A 'When to Eat' Scale

I used to eat until I was full and a few hours later, I'd eat again and again and again and I would live most of my days feeling full. I thought that was what I was supposed to do. When meal time came around, I used to eat because the clock told me so. I'd finish my food because I wasn't supposed to let it go to waste. I'd look forward to a dessert because that was a trained part of the meal too. I'd eat dessert even if I was full and my brain told me this was good. What were the results? For me it led to chub in all the right places for most of my adult years, not a lot (thanks to genetics) but more than I wanted. It wasn't until my late 30s that I started to change my perspective for the better with a few exceptions (haha to some weird habits my wife hates). I began to save food, all the time and this was good for me but not for my wife. I'd save the crust on the sandwiches my wife would cut off for the kids. I'd clean up the dinner dishes and I'd scrape the kid's left overs into tupperware for lunch the next day. I know this is grossing many of you out. I am a weird duck, I know. I am not suggesting that you should be excessive in this saving habit but there is a more general suggestion soon. Keep reading. . . but one more funny example of my weirdness and then substance will follow. My mother-in-law likes to tease me about one specific saving incident for which she reminds me almost yearly. I was sweeping up the crumbs from the floor and I saw that my kid had dropped a chicken nugget that was now in the pile of dust. So what did I do? I threw it in the trash right? Nope. I picked that nugget out of the food, washed it off and ate it. 🙂 What is wrong with that? I washed off all the dirt and restored it to goodness, but for my family I had crossed over a line that I have not been able to recover from in all these years. I'll admit to that. This has now become part of the info that my mother-in-law shares when she introduces me or when we get in to one of those "Do you remember . . ." family chats over the holidays. But back to the point. In addition to saving food, I would eat when I was hungry and not based on the clock and then about 2 years ago I was given a new paradigm about eating that drives my behavior to this day. It was explained by a professional nutritionist who came to our work. Here is what she explained using a 1-10 eating scale to measure hunger and satiation. Let me give some definition to basic numbers in this scale.

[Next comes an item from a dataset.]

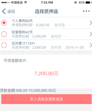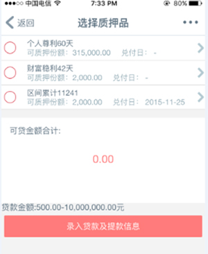 3、当客户有可以质押的理财产品的时候,会回显出理财产品的押品,选择理财产品

  1. Starving and without energy.
  2. Hungry and looking forward to eating, but energy levels are still fine.
  3. Satiated and comfortable,
  4. Full and feeling uncomfortable and maybe I should take a nap.
  5. Stuffed and needing to lay down or stretch out and feeling pain.

Typical Pattern

She said most of us live between a 5 and a 7 on the eating scale. When it is meal time we eat because the clock says so. We don't have a strong need to eat, but we do because we are programmed to and most of us like the taste of food and so we do. We fill up a full plate and we eat the whole thing which is more than we need but we are making sure to avoid hunger. Feeling full in our heads is better than feeling hunger. Most of us never want to feel hunger for too long. Per the nutritionist this bouncing back and forth between 5 and 7 means that we always have more calories in our belly than we need.

A Better Pattern

Alternatively to maintain a healthy weight, we should shift our patterns so that we eat when we are a 3 and we stop when we are a 5. This leads to different thinking. We become okay with moderate hunger in between meals and we instead decide when to eat based on our energy levels. If we have energy still we are okay but when we feel an imminent drop in energy, then we eat. If we pay attention to our feelings, we stop when the hunger goes away at a 5. We aren't necessarily full but the pain of hunger is gone. Now if you are like me this is a hard point to stop eating. For some reason if I am honest with myself, I worry about the hunger that isn't too far off. I've felt  the feeling and I used to tell myself that hunger was bad - don't let it happen. I would tell myself that the next meal was a long way away and that I better add some food to my belly so I can "make it to the next one" as if I wasn't going to make it to the next meal as if I were packing extra supplies for a long journey and would need those reserves. But who am I kidding. I have never gone without food so long that I can't take that next step to the fridge. No, that isn't my problem but in the past I would often feel like it could be. Perhaps this is a genetic tendency passed on by our ancestors who hundreds of years ago may have faced life threatening hunger. For me starvation isn't a reality and so I need to shift my mindset from being full to that point when the hunger is gone. What have the results been? Well it has been most remarkable to use this new 'when to eat' scale to monitor my food. What do you think? Is this how you operate or is there a better model?